8th Concept: The Number of Contracts per Order
A Bid/Ask of say 1.5/1.8 for an option does not mean that you can sell/buy unlimited number of contracts in these prices. Make sure that your simulator provider takes into account the guaranteed minimum size for each quote and does not let you buy/sell arbitrary large numbers of contracts.
9th Concept: Choosing the Right Simulator Provider
The selection of the right trading simulator is very important. Use a simulator provided by an exchange or brokerage firm which will be as close as it gets to its actual web based or software based platform. Make sure that your simulator takes into account real commissions, fees and other expenses. As an example, the Chicago Board of Options Exchange provides a free trading simulator based on OptionsXpress virtual trading tool.
Epilogue
I use to encourage my students to VT in derivatives for I believe it is an excellent way of getting a sense of the trading actuality and note the difference between academics and the real world. It is also a way for me to monitor first-hand how the market newcomers think and act. There are many trading professionals who do not advocate VT arguing that it is not meaningful and that you should use real accounts and real money if you want to learn how to trade. This is half true. Yes real trading cannot be duplicated in its entirety in a risk free environment and this is why virtual trading is often called ‘simulated trading’ (simulation is an imitation of a real process) not ‘emulated trading’ (an emulator duplicates the functions of one system using a different system).

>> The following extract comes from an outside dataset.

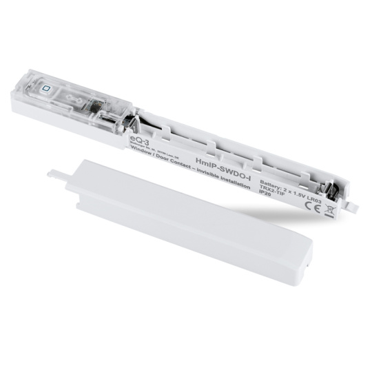 Bezdrôtový optický Okenný a dverný senzor - optický plus, skrytá montáž (HmIP-SWDO-I), určený na použitie v vnútorných priestoroch, je súčasťou systému chytrej domácnosti Homematic IP. Môže byť použitý na spoľahlivú ochranu všetkých typov okien a dverí prostredníctvom optickej technológie na princípe infračerveného svetelného bariérového systému s konštrukciou na skrytú montáž a s extra dlhou životnosťou batérií.

Aside of the technical issues of trading the psychological factors of dealing with real risk indeed cannot be emulated in any way with virtual money. The point is that just as you wouldn’t recommend a busy road for a first time driver you shouldn’t trade a strategy unless you have previously traded it virtually. At least you are not going to loose money from the aspects of trading that can be simulated. As for the psychological factors, you will be surprised to see that the greed-fear emotions are present to VT even though on a slightly different degree. Since virtual accounts usually overestimate trading performance (due to the lack of actual risk) you must bear in mind that though having success in VT does not imply success in real trading in the long run, not having success in VT almost guarantees a failure in real trading in the long run. My final advice is to make a mandatory rule that you will not engage in real trading unless you show decent and stable profits in the majority (if not all) of your virtual accounts.